For Belbin, the key to working well in a team is to assess how best to combine the particular strength of the self with the specific strengths of others. This cannot be done without acquiring relevant information on colleagues and subordinates, which can be a problem with people who resent personal probing. An independent facilitator or consultant can be useful here, he says.

Wooldridge says you need to recognise team types and that certain people react in the way they do because that is the role they fulfil in the team. Realising this will prevent people getting irritated by each other's behaviour. He suggests using one of the many team assessment tools available, such as those developed by Belbin, to recognise and understand who holds which role.
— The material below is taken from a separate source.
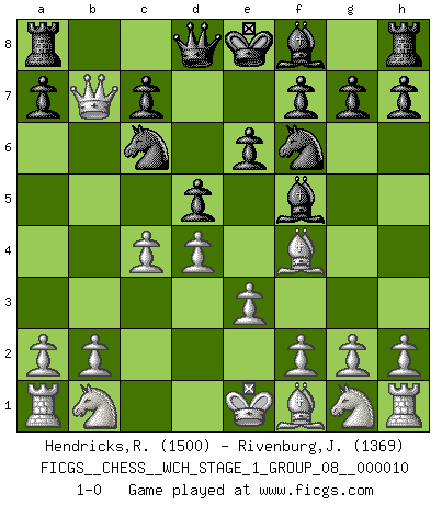 Last move : 1-0 2012 February 7 7:10:19 [Event "FICGS__CHESS__WCH_STAGE_1_GROUP_08__000010"] [Site "FICGS"] [Date "2012.01.01"] [Round "1"] [White "Hendricks,Richard"] [Black "Rivenburg,John"] [Result "1-0"] [WhiteElo "1500"] [BlackElo "1369"] 1.d4 d5 2.Bf4 Bf5 3.c4 Nf6 4.e3 e6 5.Qb3 Nc6 6.Qxb7 1-0 This chess game has been lost on time (started : 2012.01.01 23:19:17) Queen's pawn, Mason variation Player White won this chess game. Follow this game move after move (download)War is the child of passion, passion is the child of narcissism and narcissism is the child. (...) Another game ? (Thibault de Vassal) Ich habe die besten Aussichten, den ersten Preis zu gewinnen - denn jeder muss gegen Steinitz spielen, nur ich nicht! (Wilhelm Steinitz) Haz el enroque temprano y seguido. (Rob Sillars) Les échecs sont utiles à l'exercice de la faculté de penser et à celle de l'imagination. Car nous devons posséder une méthode élaborée pour atteindre des buts partout où nous devons conduire notre raison. (Leibnitz) Gambling is the son of avarice and the father of despair. (French proverb)

Tosey says teams should be fit for purpose, rather than necessarily aspiring to imitate the Australian cricket team. They should have a shared understanding of why they exist, what they are aiming to do, what the terms of reference are and how to interpret them, what the outcome will be and how to know when to stop.

For Wooldridge, a set of shared values is vital. "Values can bring a team together even if the individuals have different agendas," he says. And so long as all the members share an understanding of what they want to achieve together, it doesn't matter if they differ in their ideas of how to get there.

But Tosey says you should not focus on the task to the exclusion of everything else. You need to think about the team's welfare and emotional wellbeing, as well as how it will work. You therefore need to take care at the beginning to develop the team and build a sense of shared identity and ownership, rather than expecting it to hit the ground running.

Bruce Tuckman, an educational psychologist who developed a model of different stages of group development in the 1960s, said groups first go through "forming" (getting together and getting to know each other); "storming" (allowing conflicts to surface and be addressed constructively); "norming" (developing shared rules and expectations); and "performing" (achieving the task).

Tosey says a team is unlikely to perform effectively if you neglect the earlier stages.

Wooldridge adds that teams need to work in an organised way and have a strategic plan, a set of deadlines - and a leader.

"A team without a leader will cease to be a team," he says. But teams also need to involve fun. "In my experience, a good team uses laughter to bind itself. You have to find time and space to enjoy each other's company in whatever way is appropriate."

Some are never going to enjoy the company of others, however, and you may have to accept this and find ways around it. Belbin says it is always possible to consult experts on an individual basis. "One must accept the fact that some individuals are unsuited to teamwork. It is better that they do not attempt to do anything against their nature."